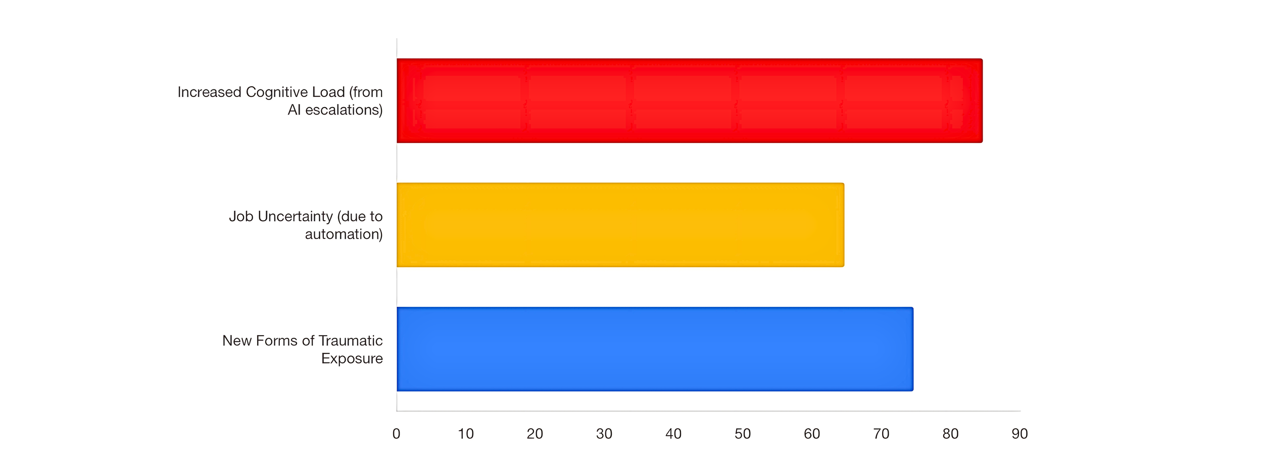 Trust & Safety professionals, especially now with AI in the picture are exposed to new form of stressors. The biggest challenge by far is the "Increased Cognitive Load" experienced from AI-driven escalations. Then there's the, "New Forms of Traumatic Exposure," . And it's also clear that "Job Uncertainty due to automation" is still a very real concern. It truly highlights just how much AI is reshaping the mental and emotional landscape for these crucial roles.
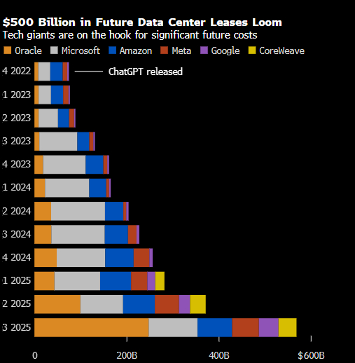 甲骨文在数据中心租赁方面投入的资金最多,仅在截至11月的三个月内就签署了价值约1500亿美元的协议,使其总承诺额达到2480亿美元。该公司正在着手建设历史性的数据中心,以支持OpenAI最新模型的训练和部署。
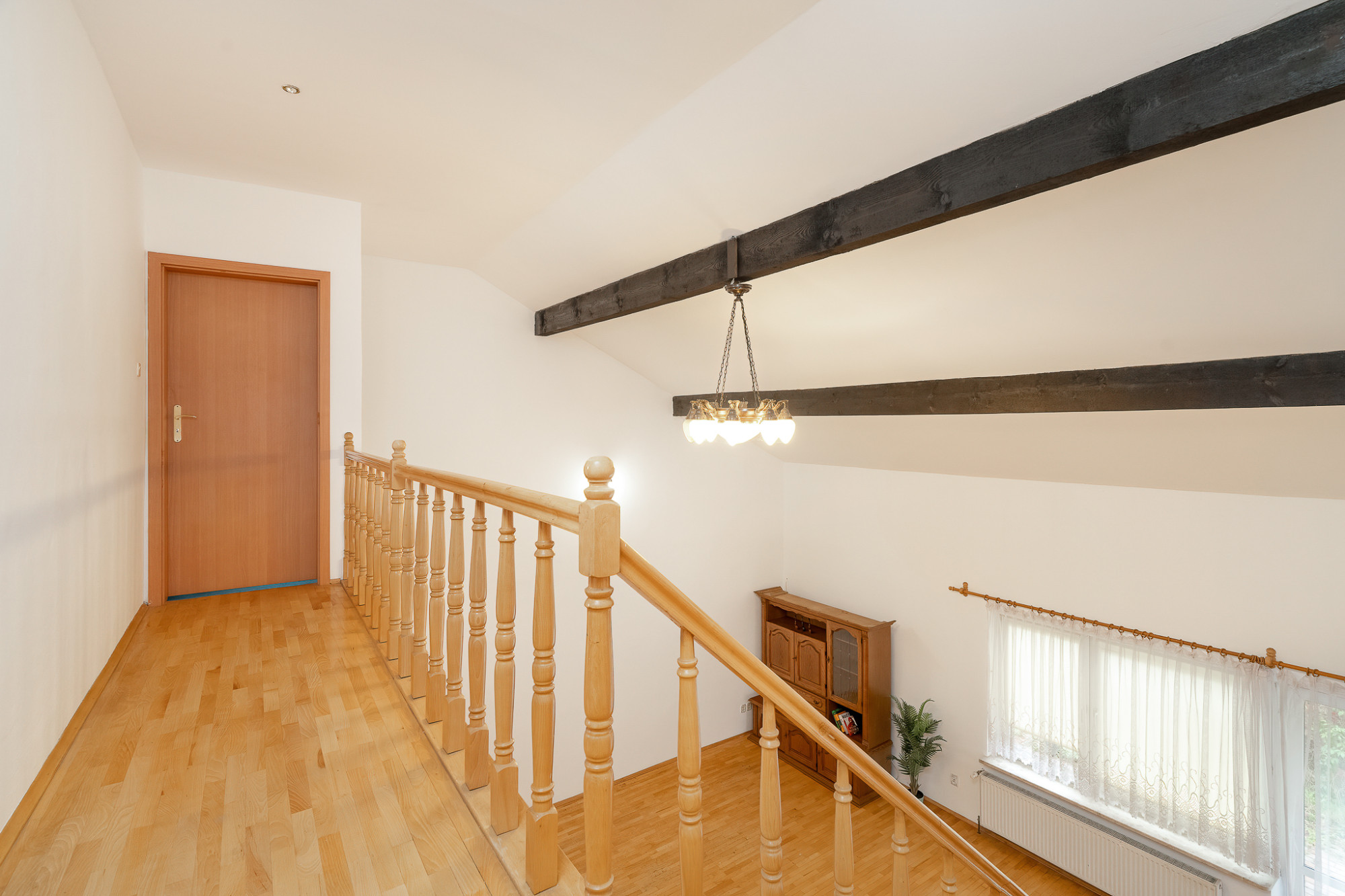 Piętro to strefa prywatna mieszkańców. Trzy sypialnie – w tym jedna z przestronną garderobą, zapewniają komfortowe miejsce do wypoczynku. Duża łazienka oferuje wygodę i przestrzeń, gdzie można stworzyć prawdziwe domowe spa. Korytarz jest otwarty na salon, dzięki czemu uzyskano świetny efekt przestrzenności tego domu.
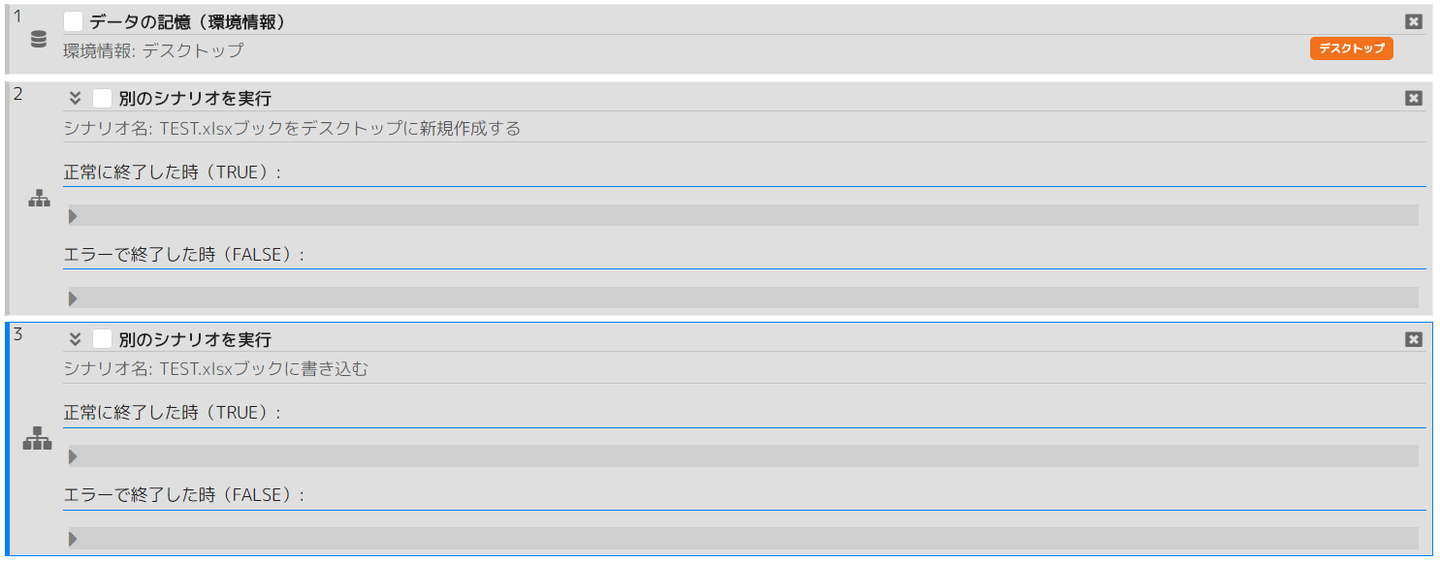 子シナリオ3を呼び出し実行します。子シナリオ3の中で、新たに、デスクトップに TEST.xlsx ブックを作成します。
...
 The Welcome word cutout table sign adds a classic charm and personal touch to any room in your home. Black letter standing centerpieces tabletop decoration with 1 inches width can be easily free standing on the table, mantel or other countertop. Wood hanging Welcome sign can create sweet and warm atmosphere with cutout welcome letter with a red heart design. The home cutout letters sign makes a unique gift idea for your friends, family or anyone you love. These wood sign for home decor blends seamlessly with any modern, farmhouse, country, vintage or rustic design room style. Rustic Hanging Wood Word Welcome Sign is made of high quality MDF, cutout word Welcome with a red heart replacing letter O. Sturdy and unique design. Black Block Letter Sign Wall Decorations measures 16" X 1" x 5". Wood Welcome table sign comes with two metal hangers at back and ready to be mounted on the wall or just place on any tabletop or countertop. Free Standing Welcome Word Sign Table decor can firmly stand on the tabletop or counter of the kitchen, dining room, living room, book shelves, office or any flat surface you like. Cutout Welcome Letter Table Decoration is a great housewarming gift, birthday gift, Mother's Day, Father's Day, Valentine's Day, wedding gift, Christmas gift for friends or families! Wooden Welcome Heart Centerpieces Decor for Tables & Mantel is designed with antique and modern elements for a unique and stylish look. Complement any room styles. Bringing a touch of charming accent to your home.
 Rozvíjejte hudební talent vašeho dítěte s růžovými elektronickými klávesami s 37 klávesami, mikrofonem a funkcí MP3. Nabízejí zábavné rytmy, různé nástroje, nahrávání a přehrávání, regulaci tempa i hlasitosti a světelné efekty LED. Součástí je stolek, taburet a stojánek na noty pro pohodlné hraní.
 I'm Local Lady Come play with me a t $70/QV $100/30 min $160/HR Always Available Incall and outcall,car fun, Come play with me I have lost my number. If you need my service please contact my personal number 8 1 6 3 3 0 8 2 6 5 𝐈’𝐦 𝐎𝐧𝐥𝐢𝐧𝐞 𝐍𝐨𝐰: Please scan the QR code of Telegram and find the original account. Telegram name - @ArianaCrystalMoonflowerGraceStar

_To do_: Keep to the lines above from the line with "甲骨文在数据中心租赁方面投入" to the line with "子シナリオ3を呼び出し実行します。子シナリオ3の中で、新たに、デスクトップに TEST.xlsx ブックを作成します。", and set down exactly those, inclusive, with nothing else and every picture left out.

_Solution to the problem_:
 甲骨文在数据中心租赁方面投入的资金最多,仅在截至11月的三个月内就签署了价值约1500亿美元的协议,使其总承诺额达到2480亿美元。该公司正在着手建设历史性的数据中心,以支持OpenAI最新模型的训练和部署。
 Piętro to strefa prywatna mieszkańców. Trzy sypialnie – w tym jedna z przestronną garderobą, zapewniają komfortowe miejsce do wypoczynku. Duża łazienka oferuje wygodę i przestrzeń, gdzie można stworzyć prawdziwe domowe spa. Korytarz jest otwarty na salon, dzięki czemu uzyskano świetny efekt przestrzenności tego domu.
 子シナリオ3を呼び出し実行します。子シナリオ3の中で、新たに、デスクトップに TEST.xlsx ブックを作成します。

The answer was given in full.